Your child’s nature unfolds like an oak from an acorn.
Once she has tumbled onto the ground from some mysterious height, it is the soil and the wind and the rains that give her ultimate expression its particular form.
Who she becomes when she’s well rooted and fully extended has painfully little to do with who you are as a parent.
And yet, we readily take it upon us to be our child’s spiritual doctor, to provide the way for her to become what we envision she ought to be.
This is too big a burden for someone as inconsequential as a father or a mother to the innate calling of the child. It’s also a position we don’t have the qualifications or skills for, whatever our ambition, unless that child is someone else’s. If she is, then we might serve her as an elder, a mentor, a trusted uncle or aunt.
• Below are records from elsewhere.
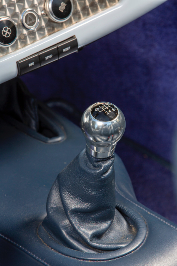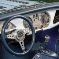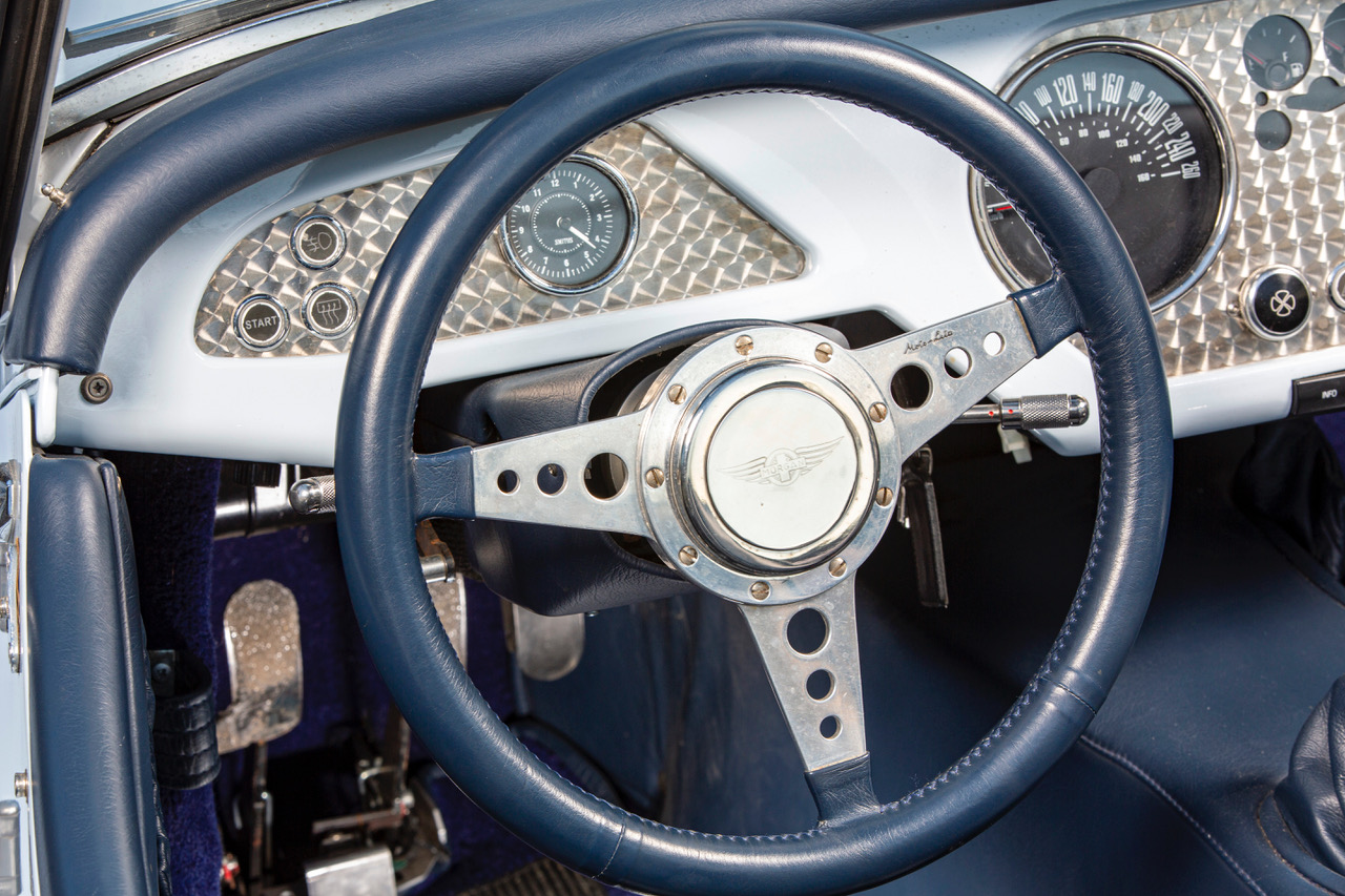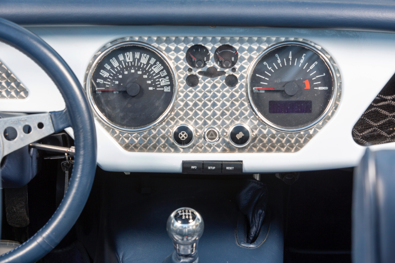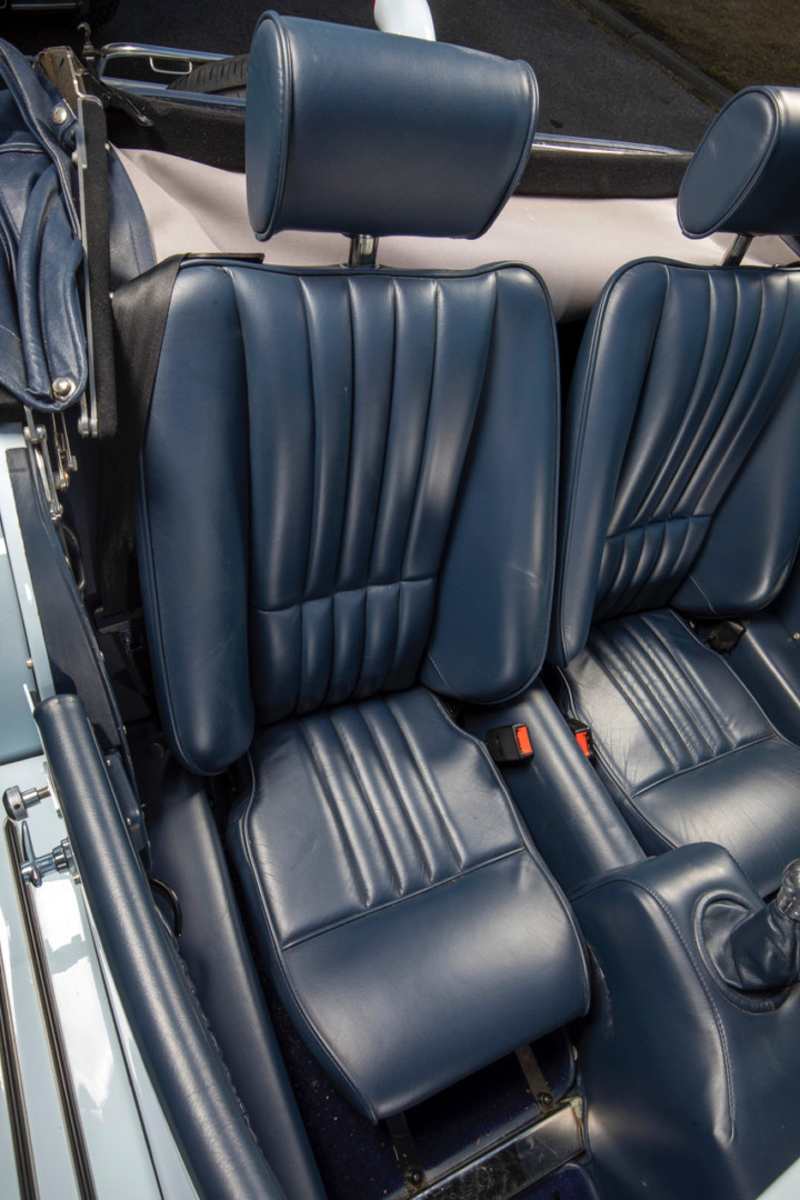 Sa sellerie en cuir bleu est en excellant état avec une belle patine. Les moquettes sont propres ainsi que les panneaux de portes. Elle est équipée d'une capote, des sides-screen et d'un tonneau cover bleu assorties à la voiture.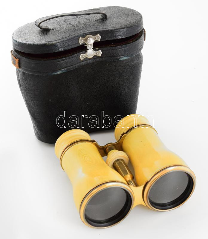 Beschreibung: cca 1900 Simon Waldstein színházi látcső, jelzett a távcsőn, jelzett a tokban, repedésvonallal, 10,5x12 cm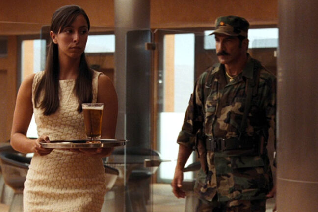 Men en detalj kan vara kul att titta närmare på såhär i efterhand. I en liten roll som receptionist på hotellet Perla de las Dunas syns skådespelerskan Oona Chaplin, blott 21 år gammal när filmen spelades in.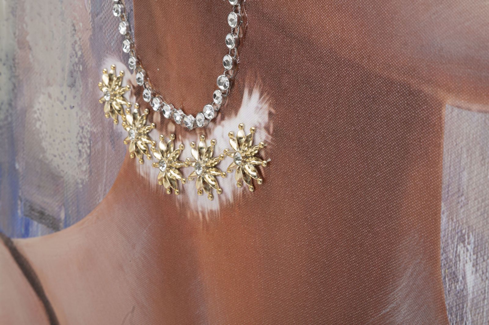 Dipinto su tela completo di telaio in legno raffigurante un volto di donna con copricapo completo di eleganti applicazioni in tessuto.

Our own child’s spiritual path is laid down by her encounter with the world, what we used to know as the village. And if this village is now unknown to you, as it is to most of us here in the west, you might have placed the full weight of your child onto your weary lap. If you’re a single parent, you will know the strain of this burden all the more.
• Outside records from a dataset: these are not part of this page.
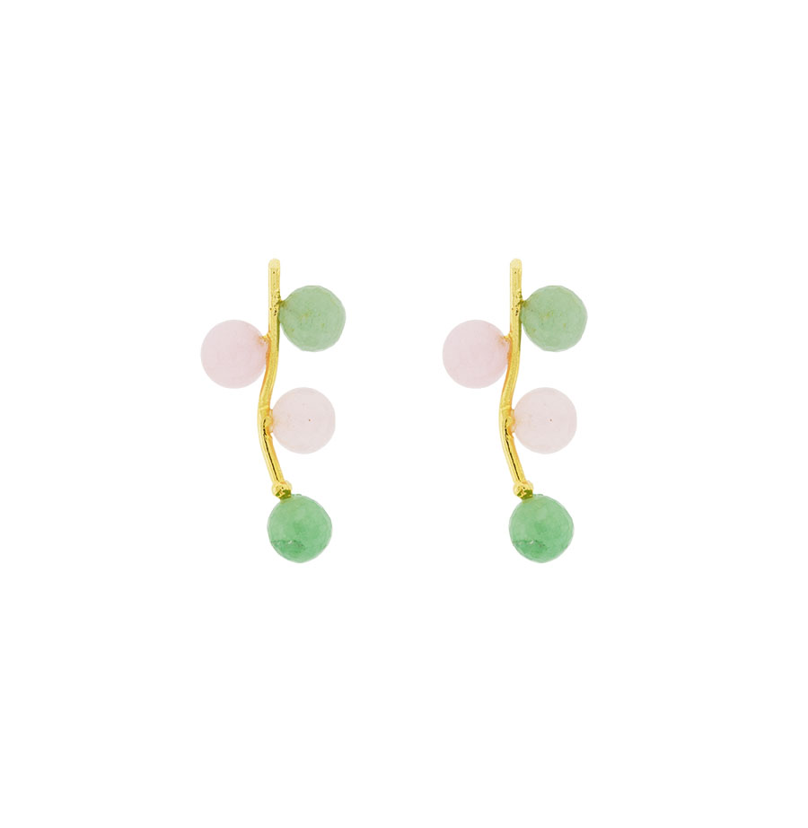 Pendiente alargado de latón con baño en oro, decorado con bolas de piedra tallada rosa y verde .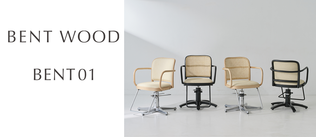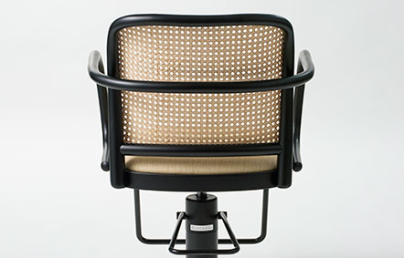 抜け感のある軽やかで風通しのいいラタン張りの背もたれが、背面から見ても曲木ならではの美しさを際立たせています。流行に左右されない普遍的なデザインが、美容室の空間に木ならではの上質さをもたらします。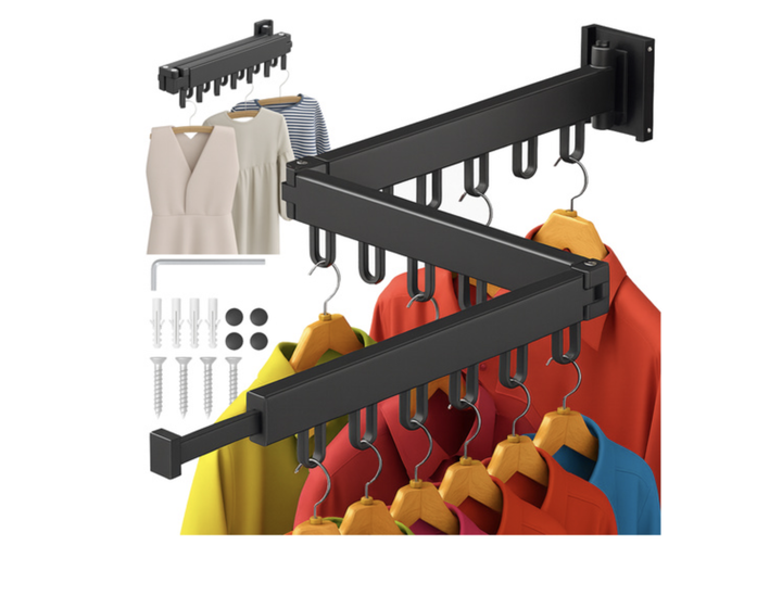 Складна Настінна Сушарка для Білизни RUHHY Висувна Стійка 18 Гачків Алюмінієвий Сплав Чорна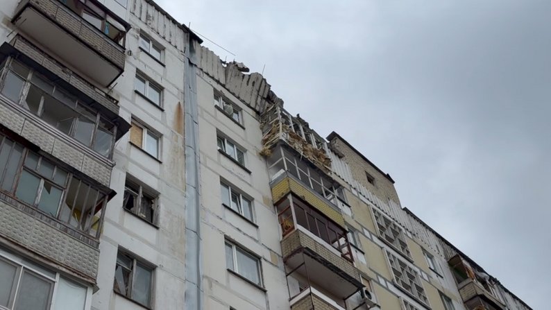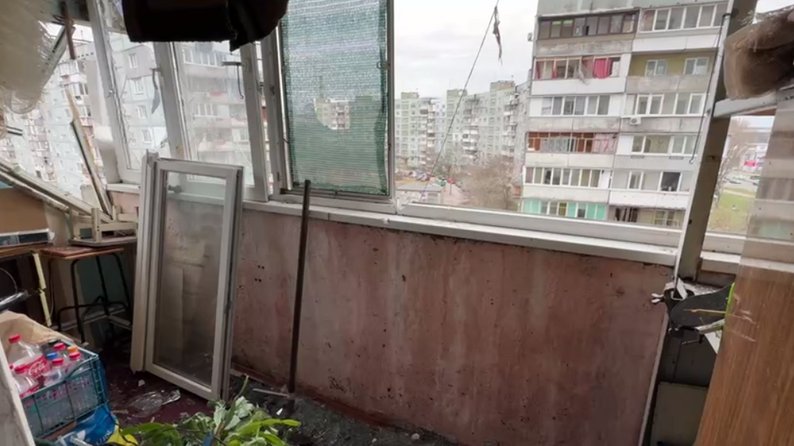 На третьому поверсі пошкодженої багатоповерхівки мешкає Андрій — у його квартирі понівечені балкон та вікна:

Parenting this way is an impossibility masquerading as a responsability.
If we take it as our task to be the spiritual doctor of our child, we close the door on the main generational work before all of us fathers and mothers, which is to tend to the threadbare remains of what was once the village, so that it may begin to remember why it came to be in the first place.
This is why parenting today as always before is village-making, not the spiritual doctoring of our own kind. It’s a gathering in of people and beings around all our children, so the world in which they come of age has the willingness and capacity to welcome them and steward them in ways we on our own cannot.